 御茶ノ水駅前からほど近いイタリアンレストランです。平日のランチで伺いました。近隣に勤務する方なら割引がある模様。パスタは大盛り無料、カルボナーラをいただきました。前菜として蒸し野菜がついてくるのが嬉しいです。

※ ※ ※

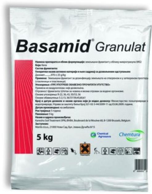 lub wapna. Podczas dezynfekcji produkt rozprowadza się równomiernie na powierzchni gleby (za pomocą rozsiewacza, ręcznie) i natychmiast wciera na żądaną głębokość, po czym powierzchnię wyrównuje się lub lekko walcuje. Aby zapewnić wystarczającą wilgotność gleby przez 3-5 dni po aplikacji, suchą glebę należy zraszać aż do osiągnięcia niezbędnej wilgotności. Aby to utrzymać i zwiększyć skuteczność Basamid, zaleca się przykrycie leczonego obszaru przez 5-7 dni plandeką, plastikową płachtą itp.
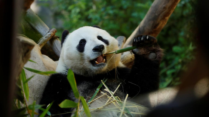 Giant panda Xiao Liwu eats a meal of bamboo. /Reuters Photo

※ ※ ※

Transcribe only this stretch of the data: the line with "lub wapna. Podczas", the line with "Giant panda Xiao", and every line in between. Leave out the pictures.

(EXERCISE SOLUTION):
 lub wapna. Podczas dezynfekcji produkt rozprowadza się równomiernie na powierzchni gleby (za pomocą rozsiewacza, ręcznie) i natychmiast wciera na żądaną głębokość, po czym powierzchnię wyrównuje się lub lekko walcuje. Aby zapewnić wystarczającą wilgotność gleby przez 3-5 dni po aplikacji, suchą glebę należy zraszać aż do osiągnięcia niezbędnej wilgotności. Aby to utrzymać i zwiększyć skuteczność Basamid, zaleca się przykrycie leczonego obszaru przez 5-7 dni plandeką, plastikową płachtą itp.
 Giant panda Xiao Liwu eats a meal of bamboo. /Reuters Photo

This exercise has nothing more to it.